The records START

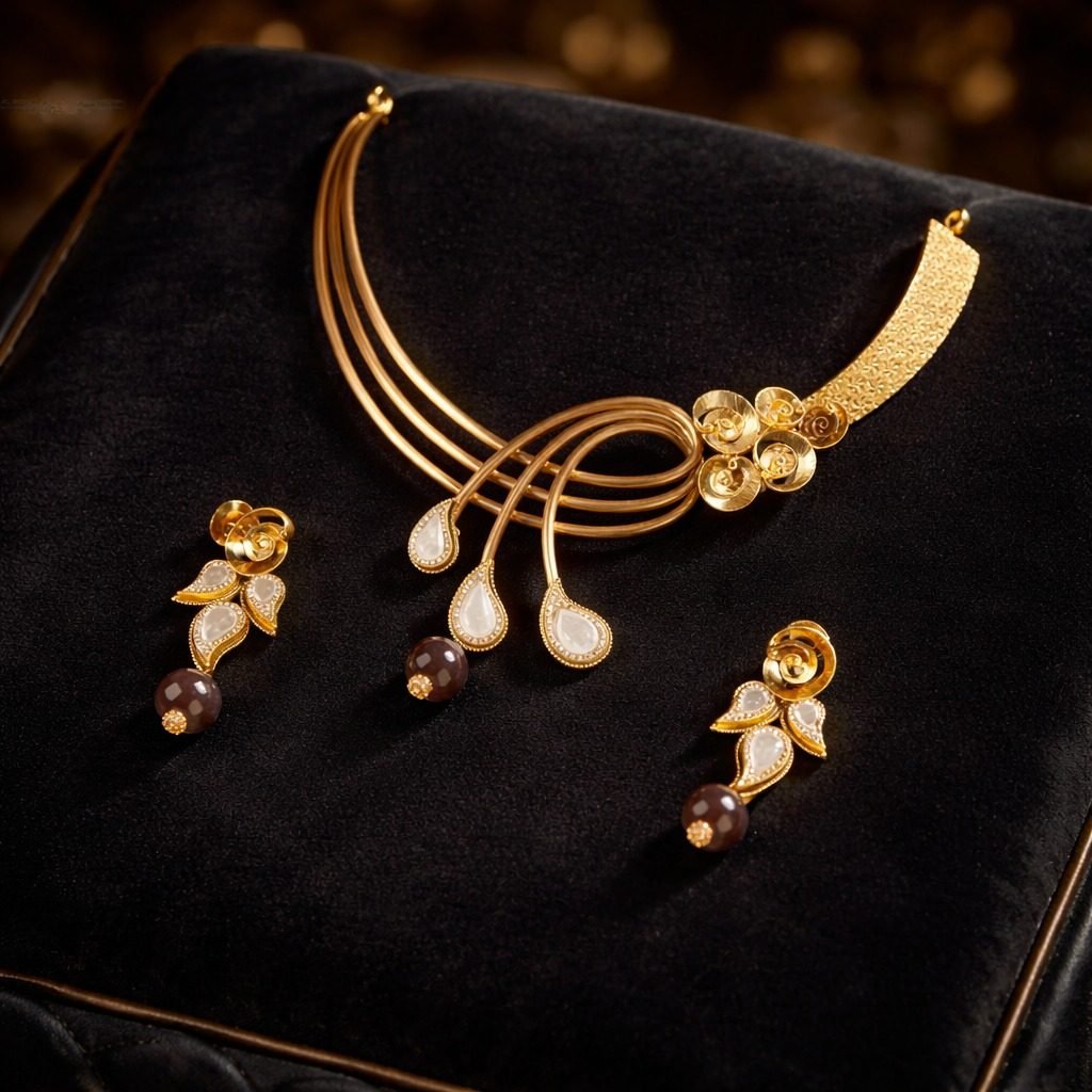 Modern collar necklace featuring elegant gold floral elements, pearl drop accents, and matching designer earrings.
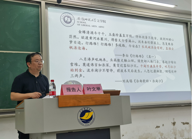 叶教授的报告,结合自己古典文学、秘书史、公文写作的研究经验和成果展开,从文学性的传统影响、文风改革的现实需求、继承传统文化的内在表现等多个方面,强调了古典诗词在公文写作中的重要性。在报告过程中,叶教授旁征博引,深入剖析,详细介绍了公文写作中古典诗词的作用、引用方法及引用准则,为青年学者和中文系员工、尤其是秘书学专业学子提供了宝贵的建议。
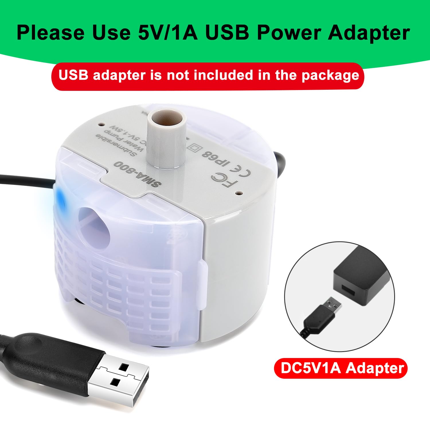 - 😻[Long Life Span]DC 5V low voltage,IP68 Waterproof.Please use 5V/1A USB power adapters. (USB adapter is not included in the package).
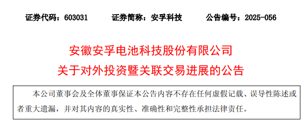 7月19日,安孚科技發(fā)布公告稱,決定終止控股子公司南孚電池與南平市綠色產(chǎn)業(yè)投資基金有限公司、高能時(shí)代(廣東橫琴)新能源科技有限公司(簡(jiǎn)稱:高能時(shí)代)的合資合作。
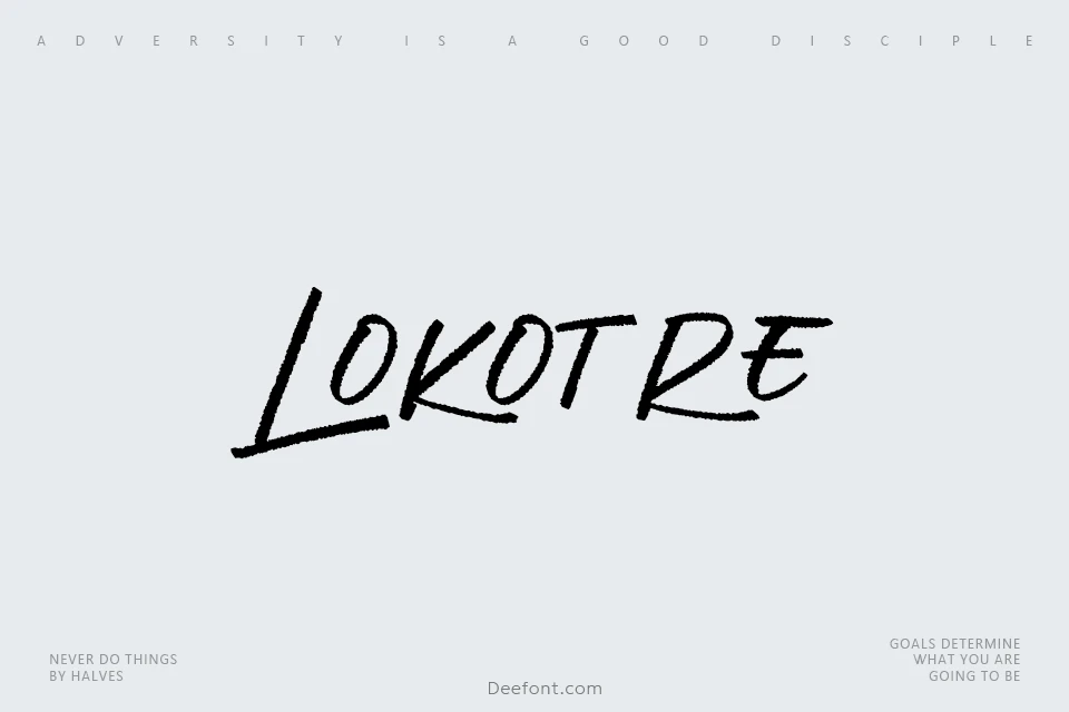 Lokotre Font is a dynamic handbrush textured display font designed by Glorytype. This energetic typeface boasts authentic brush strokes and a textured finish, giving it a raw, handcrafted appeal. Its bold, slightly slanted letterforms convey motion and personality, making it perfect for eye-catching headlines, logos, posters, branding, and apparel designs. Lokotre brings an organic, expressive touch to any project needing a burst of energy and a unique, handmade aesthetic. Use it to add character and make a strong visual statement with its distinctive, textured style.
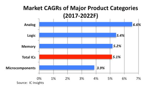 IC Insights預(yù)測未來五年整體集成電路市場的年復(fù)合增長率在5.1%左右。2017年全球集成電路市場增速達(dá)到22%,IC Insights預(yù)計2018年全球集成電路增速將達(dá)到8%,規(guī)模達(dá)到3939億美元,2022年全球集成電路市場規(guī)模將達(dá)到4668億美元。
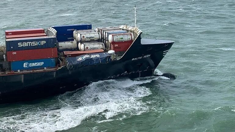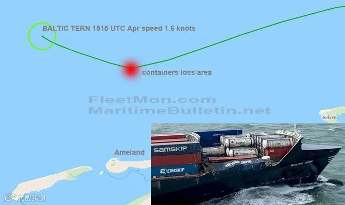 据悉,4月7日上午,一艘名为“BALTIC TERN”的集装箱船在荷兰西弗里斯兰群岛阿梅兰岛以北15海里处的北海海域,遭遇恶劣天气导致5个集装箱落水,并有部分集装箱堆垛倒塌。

The records END
The records START

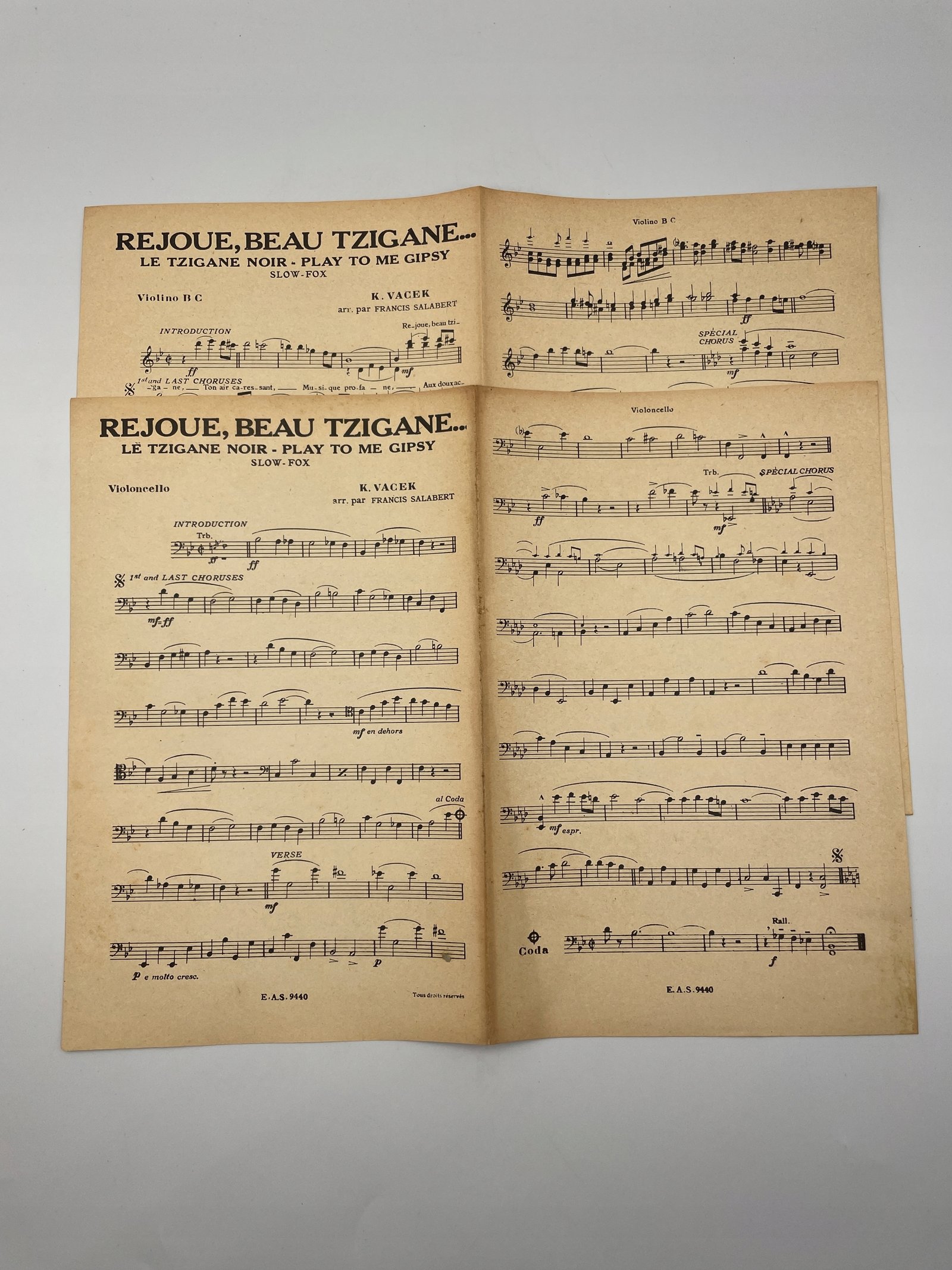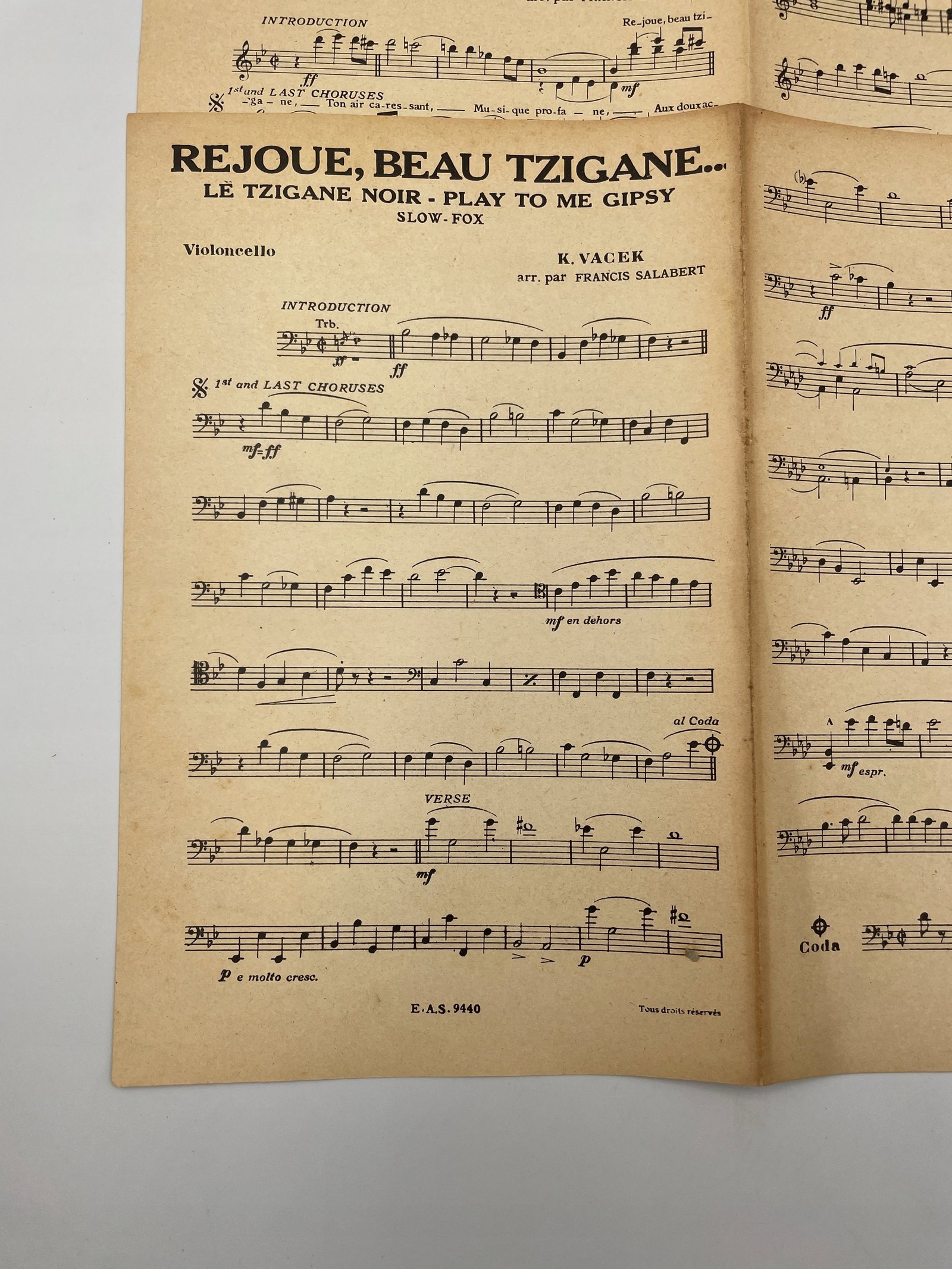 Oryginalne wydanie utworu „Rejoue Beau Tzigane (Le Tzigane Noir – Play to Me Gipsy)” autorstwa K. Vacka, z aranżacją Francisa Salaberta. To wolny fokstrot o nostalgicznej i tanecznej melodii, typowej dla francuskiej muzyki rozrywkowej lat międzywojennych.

The records END

■ Goal of the exercise ■
Pictures excluded, transcribe the listing above exactly from the line with "- 😻[Long Life" through the line with "7月19日,安孚科技發(fā", and no further.

■ Task solution ■
 - 😻[Long Life Span]DC 5V low voltage,IP68 Waterproof.Please use 5V/1A USB power adapters. (USB adapter is not included in the package).
 7月19日,安孚科技發(fā)布公告稱,決定終止控股子公司南孚電池與南平市綠色產(chǎn)業(yè)投資基金有限公司、高能時(shí)代(廣東橫琴)新能源科技有限公司(簡(jiǎn)稱:高能時(shí)代)的合資合作。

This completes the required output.